I'm running into issues with fetch and ipv6 to the beefy servers.  Getting "No address record" without -6 in fetch's switches and "Non-recoverable resolver failure" when -6 is used.  ISP is T-Mobile Home Internet but I am getting the same results with my work builder.  I wish the beefies had IPv4 addresses...


----------



## astyle (Dec 10, 2022)

Datapanic said:


> I'm running into issues with fetch and ipv6 to the beefy servers.  Getting "No address record" without -6 in fetch's switches and "Non-recoverable resolver failure" when -6 is used.  ISP is T-Mobile Home Internet but I am getting the same results with my work builder.  I wish the beefies had IPv4 addresses...

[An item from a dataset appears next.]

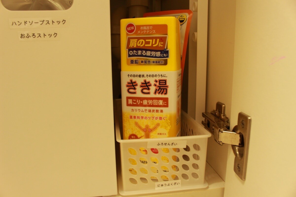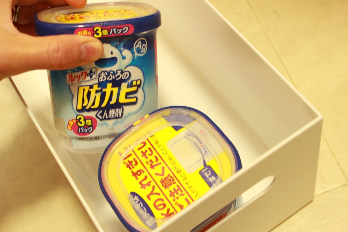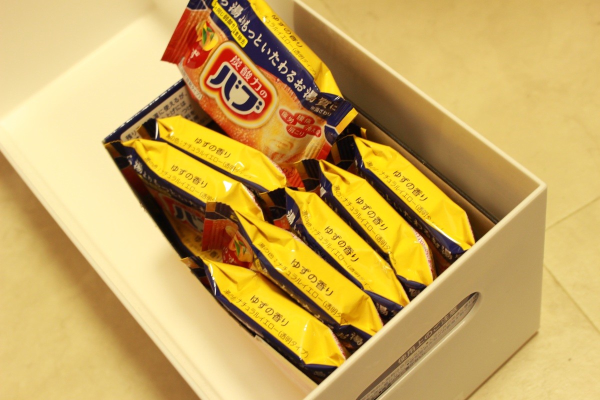 手持ちのダイソーのケースがぴったりだったので、入浴剤を置きました。

beefy6 doesn't have an IPv4 address... if it did, any IPv4-only machine would be able to ping it. Yeah, there's lots of details I'm omitting here, but long story short, beefy6 is IPv6-only.


----------



## zirias@ (Dec 10, 2022)

Datapanic said:


> I'm running into issues with fetch and ipv6 to the beefy servers.  Getting "No address record" without -6 in fetch's switches and "Non-recoverable resolver failure" when -6 is used.  ISP is T-Mobile Home Internet but I am getting the same results with my work builder.  I wish the beefies had IPv4 addresses...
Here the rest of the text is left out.